‘China, China, China’: Trump’s new Pentagon chief Patrick Shanahan sets US defence priorities
- Patrick Shanahan tells Pentagon staff to focus on the US National Defence Strategy that highlights the ‘Great Power competition’ with Russia and China
- The strategy views China as ‘a strategic competitor’ seeking Indo-Pacific regional hegemony and to displace the US in global pre-eminence

Patrick Shanahan, the acting US defence secretary, singled out China as a key priority in a “great power competition” on his first full day in his new role at the Pentagon on Wednesday, continuing a course set by his predecessor.
Shanahan, who replaced James Mattis on Tuesday, told Pentagon staff members to focus on the National Defence Strategy, a broad review that highlights a new era of “Great Power competition” with Russia and China.
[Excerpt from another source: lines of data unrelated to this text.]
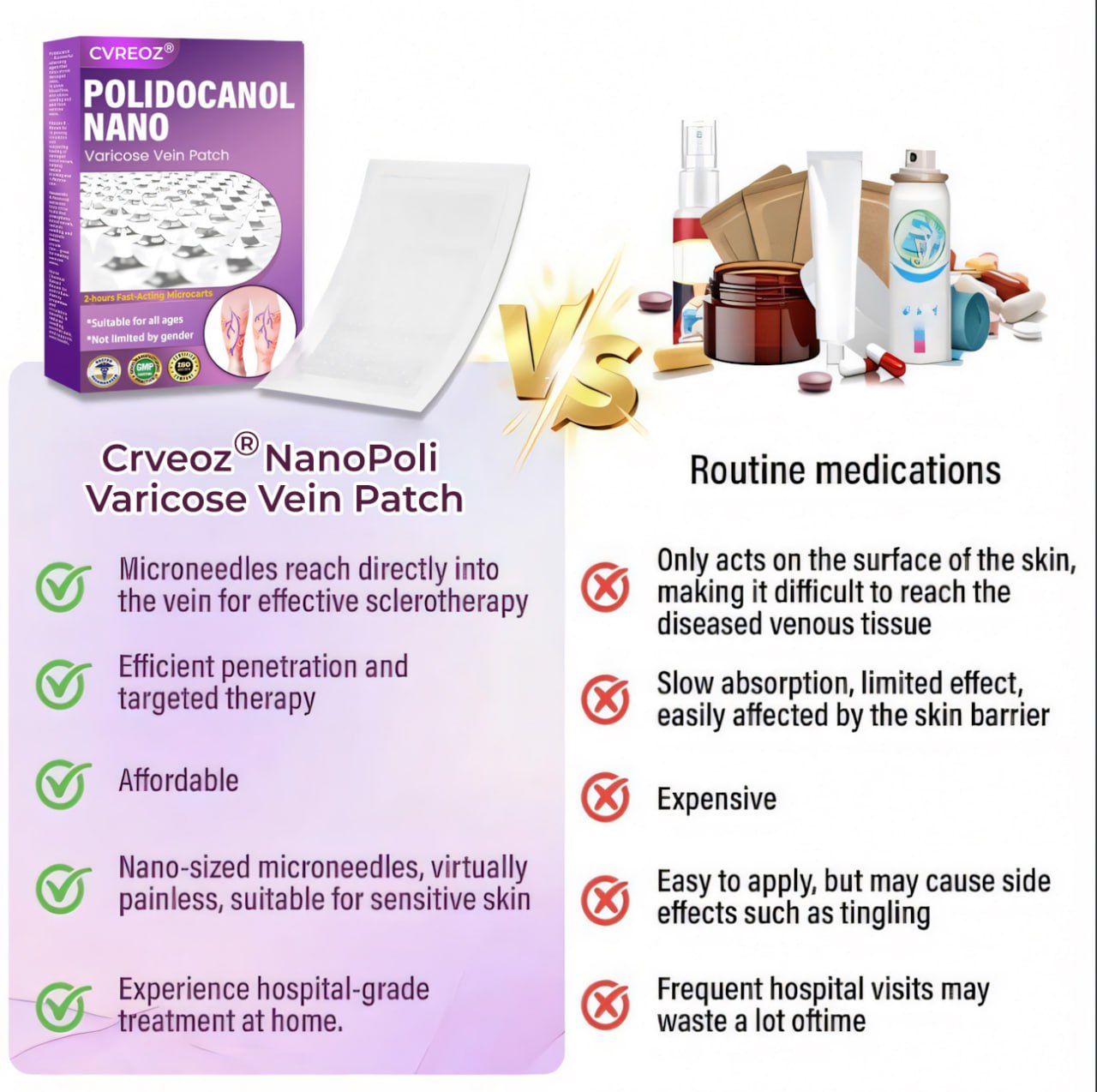 Polidocanol, the patch’s active ingredient, is a clinically proven sclerosing agent. It works by shrinking damaged vein walls, improving their structure, reducing blood stagnation, and relieving symptoms like leg soreness and heaviness. Regular use supports better vein elasticity and circulation.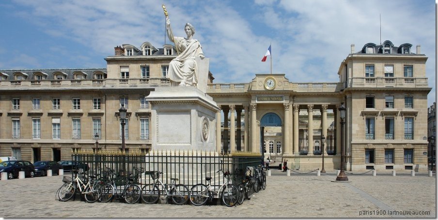 Confisqué comme bien national en 1792, il accueille, à partir de 1795, toutes les chambres basses des parlements français. Napoléon 1e fit construire, entre 1803 et 1807 par l’architecte Bernard Poyet (1742-1824) la façade qui donne sur la Seine en harmonie avec celle de la Madeleine, qui lui fait face de l’autre côté du pont de la Concorde. A l'origine, le Palais Bourbon fut construit pour la fille de Louis XIV, la duchesse de Bourbon, qui donna son nom au palais. Il devint et 1764 propriété du prince de Condé et fut agrandi par celui-ci jusqu’à parvenir à l’aspect qu’il a aujourd’hui, imposant et noble, sur la place qui porte le même nom. Le grand portique «à la grecque» qui fait pendant à l'église de la Madeleine, a été élevé en 1804 devant les bâtiments du 18e siècle de l'ancien hôtel des princes de Condé. Le fronton allégorique n'a été sculpté qu'en 1842, sous le règne de Louis-Philippe, par Jean-Pierre Cortot (1787-1843). Il représente la France entre la liberté et l'ordre public avec les génies du commerce, de l'agriculture, de la paix, de la guerre et de l'éloquence. Sur les ailes en retrait ont été plaqués deux grands bas-reliefs. A gauche, l'Instruction publique, par James Pradier (1839). A droite, Prométhée animant les arts, par François Rude (1835). Sur le perron, deux grandes figures debout en pierre: à gauche, Minerve, par Philippe Roland; à droite, Thémis, par Antoine Houdon. Au bas des marches, quatre statues de personnages assis: Sully, de Pierre Beauvallet (1750-1818), Hospital de Louis Deseine (1749-1822), d'Aguesseau, de Jean Foucou (1739-1821) et Colbert, de Jacques Edme Dumont (1761-1844) La façade à colonnes en face du pont de la Concorde a été réalisé par l'architecte Bernard Poyet à la demande de Napoléon 1e. D’abord siège du Conseil des Cinq-Cents puis Chambre des Députés, il abrite aujourd’hui l’Assemblée Nationale. L'Hôtel de Lassay L'Hôtel de Lassay situé rue de l'Université est la résidence du Président de l’Assemblée Nationale, troisième personnage de l'Etat derrière le président de la république de le Président du Sénat. Construit entre 1726 et 1730, il a été construit par les architectes Jacques Gabriel (1667-1742) et surtout Jean Aubert (1680-1741) auteur également de l'hôtel Biron (actuel Musée Rodin).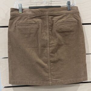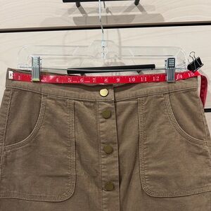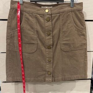 Chic tan corduroy mini skirt with button-front design. Features front pockets for convenience. Ideal for casual outings.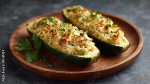 Two zucchini boats on a wooden plate. the zucchinis are stuffed with a creamy mixture of cheese and herbs, and are garnished with fresh parsley.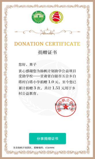 现在用户可以通过扫描学校专属二维码快速访问捐赠页面,简化操作流程。这项功能特别适合线下公益活动时使用,让捐赠更加便捷高效。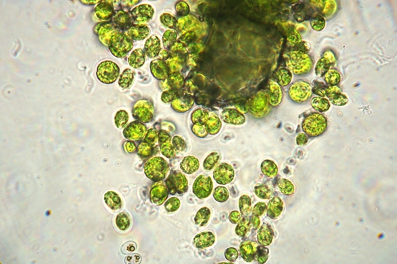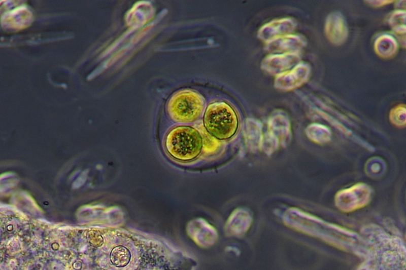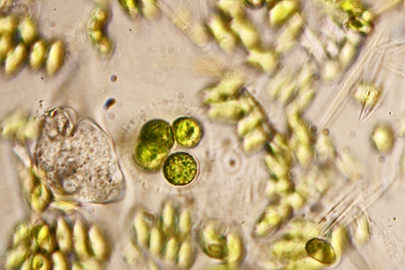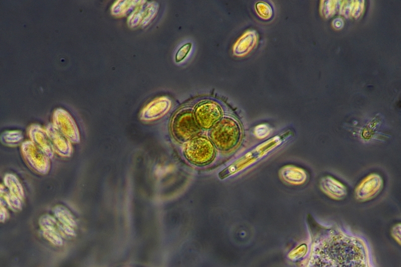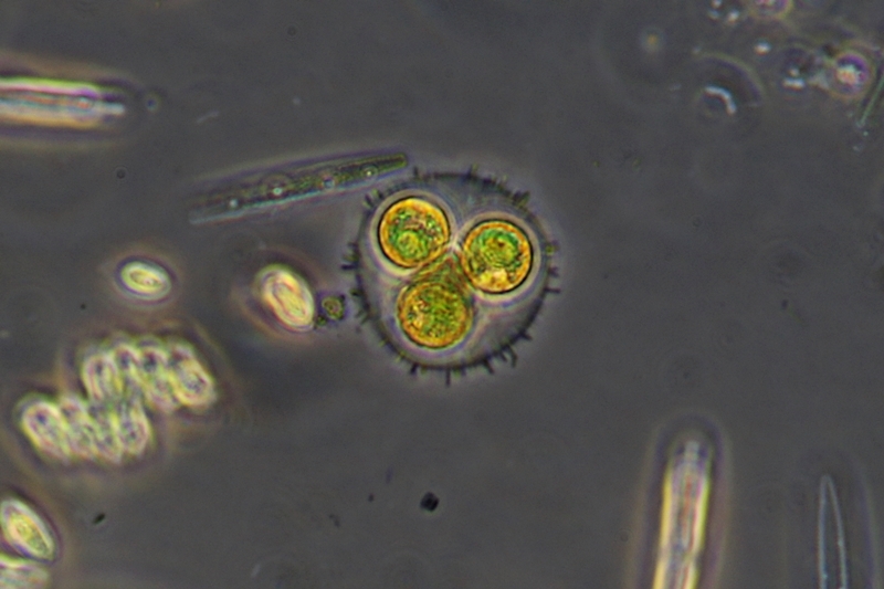 Bei der Algenkolonie im untersten Bild bin ich mir unschlüssig, ob es die gleiche Alge in einem anderen Stadium sein könnte (in der Mitte des Bildes befindet sich auch eine solche mehrzellige Kugel, wie sie auf den anderen Bildern gezeigt wird).

“While we are focused on ongoing operations, Acting Secretary Shanahan told the team to remember China, China, China,” an anonymous defence official was quoted as saying.
The US accuses Beijing of a continuing pattern of military and economic espionage and has criticised China's ambitious “Belt and Road” trade and infrastructure initiative as being a form of economic coercion.
“In 2019, the National Defence Strategy remains our guide. America's military strength remains our focus,” Shanahan said in a New Year's message on Twitter.
The national defence strategy, released by Mattis in January last year, describes China as “a strategic competitor” that “will continue to pursue a military modernisation program that seeks Indo-Pacific regional hegemony in the near term and displacement of the United States to achieve global pre-eminence in the future”.